FAIR Hazard Modeling - Reproducible Hydrological Frameworks

This blog post was inspired by the eWaterCycle model landscape documentation, particularly their discussion of “Friendly Neighbourhood Hydrological Models” and the challenges of standardization in hydrological modeling.
The Standards Problem
The eWaterCycle project aptly captures the challenge of building a “Friendly Neighbourhood” of hydrological models through the classic XKCD cartoon on standards (credit: xkcd): faced with 14 competing standards, someone creates a 15th “universal” standard—resulting in 15 competing standards. Yet sometimes standardization genuinely solves interoperability challenges, particularly when grounded in principled frameworks like FAIR.
FAIR Principles for Hydrological Modeling
The FAIR principles—Findable, Accessible, Interoperable, and Reusable—originally developed for research data, have profound implications for computational hydrology. A comprehensive review in Water Resources Research examines how these principles apply to hydrological modeling workflows, highlighting challenges in:
- Findability - Locating appropriate models for specific applications
- Accessibility - Obtaining models with clear licensing and documentation
- Interoperability - Coupling models through standardized interfaces
- Reusability - Reproducing results across different computing environments
The paper argues that achieving FAIR hydrology requires not just open-source code, but systematic attention to metadata, provenance tracking, and containerized execution environments.
Basic Model Interface: Enabling Interoperability
The Basic Model Interface (BMI) from CSDMS addresses the interoperability challenge through standardization. Consider how drivers benefit from familiar vehicle controls—steering wheels, brake pedals, and speedometers work predictably whether operating a compact car or heavy truck. BMI brings this philosophy to numerical models through a set of standard control and query functions.
BMI-compliant models expose consistent methods for:
- Initialization - Setting up model state and parameters
- Time stepping - Advancing the simulation
- Data exchange - Getting and setting variable values
- Finalization - Cleaning up resources
This standardization enables model coupling and platform integration while supporting FAIR principles—models become more findable through registries, accessible through common APIs, interoperable through shared interfaces, and reusable across computing environments.
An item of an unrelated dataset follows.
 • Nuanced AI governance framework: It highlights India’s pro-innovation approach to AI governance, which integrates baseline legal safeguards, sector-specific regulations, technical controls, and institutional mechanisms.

eWaterCycle: A Reproducible Modeling Platform
The eWaterCycle project directly addresses FAIR challenges through a platform for reproducible hydrological experiments. Their GMD paper describes an architecture leveraging BMI-wrapped models within containerized environments. This combination enables eWaterCycle to orchestrate diverse hydrological models through a unified interface while ensuring reproducibility across computing platforms.
The eWaterCycle model landscape includes adapters for various models, though maintenance varies across implementations. Recent GitHub discussions reveal ongoing challenges:
- wflow.jl integration - Exploring Julia-based modeling within eWaterCycle
- HYPE model support - Community efforts to maintain model wrappers
These discussions illustrate both the promise and maintenance burden of supporting multiple models through standardized interfaces.
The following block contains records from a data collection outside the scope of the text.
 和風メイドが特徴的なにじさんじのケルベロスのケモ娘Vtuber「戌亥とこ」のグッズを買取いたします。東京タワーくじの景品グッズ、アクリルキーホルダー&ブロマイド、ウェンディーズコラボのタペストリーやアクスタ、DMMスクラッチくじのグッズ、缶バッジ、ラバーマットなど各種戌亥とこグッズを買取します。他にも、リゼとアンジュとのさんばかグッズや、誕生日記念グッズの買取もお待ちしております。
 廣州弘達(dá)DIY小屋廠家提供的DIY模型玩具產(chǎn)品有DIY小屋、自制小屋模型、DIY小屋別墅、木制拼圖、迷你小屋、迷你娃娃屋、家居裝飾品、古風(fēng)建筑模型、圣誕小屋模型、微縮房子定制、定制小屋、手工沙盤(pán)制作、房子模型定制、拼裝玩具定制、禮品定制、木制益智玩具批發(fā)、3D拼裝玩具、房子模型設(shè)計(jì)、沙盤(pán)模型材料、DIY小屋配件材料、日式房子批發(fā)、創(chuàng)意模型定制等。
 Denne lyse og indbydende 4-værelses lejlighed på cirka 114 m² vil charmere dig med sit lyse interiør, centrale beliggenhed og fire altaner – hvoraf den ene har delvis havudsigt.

Parsimonious Models for Operational Hazard Forecasting
For impact-based forecasting, computational efficiency matters as much as physical accuracy. Two models stand out for their balance of parsimony and FAIR compliance:
wflow.jl - Distributed Hydrological Modeling
wflow.jl, written in Julia, provides distributed hydrological modeling with excellent computational performance. The GMD paper demonstrates its efficiency for large-domain applications, making it suitable for:
- Soil moisture monitoring
- Drought index calculation
- Streamflow forecasting
The Julia implementation offers significant speed advantages over Python equivalents while maintaining scientific rigor. Its open-source nature and growing BMI support position it well for FAIR-compliant workflows.
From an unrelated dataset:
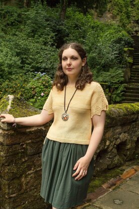 As the dawn rises, this delicate top is perfect to wear on summer mornings. The elegant lace sleeves and neck edge are knitted flat and then joined in the round to work the body, which is finished with a garter stitch sash.

RIM2D - Rapid Flood Inundation Modeling
For hydrodynamic hazard modeling, RIM2D offers a parsimonious approach to flood inundation simulation. By simplifying the shallow water equations while preserving essential dynamics, RIM2D enables rapid scenario analysis for:
- Real-time flood forecasting
- Ensemble-based uncertainty quantification
- Impact assessment at scale
Implications for E4DRR
The combination of FAIR principles, eWaterCycle orchestration, and parsimonious models like wflow.jl and RIM2D presents a pathway for operational hazard modeling in East Africa. Rather than building monolithic systems, this approach favors:
- Modular components - Swap models as better alternatives emerge
- Reproducible workflows - Containerized environments ensure consistency
- Computational efficiency - Run ensemble forecasts within operational time constraints
- Provenance tracking - Document model configurations and input data sources
The challenge remains maintaining standardized wrappers and ensuring compatibility as upstream models evolve—the ongoing cost of interoperability that the XKCD cartoon humorously acknowledges.